2. a. Inventories have been physically verified during the year by the
management. In our opinion, the frequency of verification is
reasonable. Certain stocks lying with third parties, stock lying at
port and with inter-units are subject to confirmation/reconciliation.
b. The procedures of physical verification of inventories followed by
the management are reasonable and adequate in relation to the size of
the Company and the nature of its business except at certain units
where the same need to be strengthened.
c. The Company has implemented SAP ECC 6 systems at a majority of its
units.
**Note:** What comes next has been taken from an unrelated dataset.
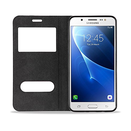 Cadorabo Custodia Libro per Samsung Galaxy J7 2016 in NERO COMETA - con Funzione Stand e Chiusura Magnetica - Portafoglio Cover Case Wallet Book Etui Protezione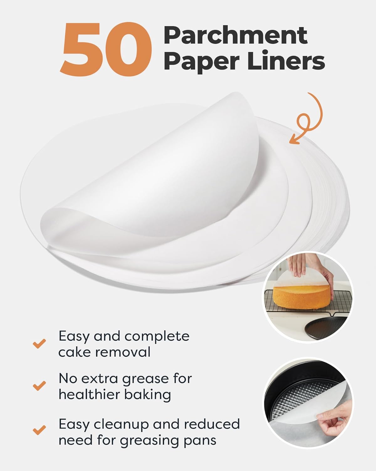 - Non-Stick Coating: The surface of the cake pan has a double layer of non-stick coating, and this design makes it easier to remove the baked cake. 50pcs 9-inch baking paper included, you can combine parchment paper and the cake mold together, which also helps take the cake out effortlessly.

Certain mistakes and omissions to the extent identified during
the year have been corrected based on physical verification taken from
time to time (refer note 37 (a) of the financial statements). The
Company is in the process of quantifying the excess and shortages
adjusted in the books of account on a comprehensive basis. Accordingly,
we are unable to state whether the discrepancies between book records
and inventory are material and whether they have been properly dealt
with in the books of account.
d. We have relied on the representation of the management that the
consumption of materials and components is in line with production/
industry norms.
3. a. The terms and conditions on which fixed deposits were accepted
from a director and a relative of a director are prima facie not
prejudicial to the interests of the Company. The maximum amount
involved during the year and amount outstanding at the end of the year
were Rs. 45.00 lakhs.
b. The Company has not granted any loans to companies, firms and other
parties covered in the register maintained under section 301 of the
Companies Act, 1956. For this purpose, we have relied on the
representations of the management that monies due from parties referred
to in note 40(a) to the financial statements are advances and not in
the nature of loans.
4. Having regard to the explanations given to us that some of the
bought items / assets are proprietary and / or are customised to the
requirements of the Company and as such comparative quotations are not
available and subject to notes 36 and 37 to the financial statements,
there are adequate internal control procedures commensurate with the
size of the Company and the nature its business with regard to
purchases of inventory and fixed assets and for the sale of goods. We
have not observed during the course of our audit any continuing failure
to correct major weaknesses in the internal controls, subject to note
36 and 37 to the financial statements.
5. a. According to the information and explanations given to us, we
are of the opinion that transactions that need to be entered into the
register maintained under section 301 of the Companies Act, 1956 have
been so entered. Attention is invited to note 49 to the financial
statements regarding prior approval of the Central Government not
having been obtained in respect of certain contracts in which directors
are interested, in terms of section 297 of the Act.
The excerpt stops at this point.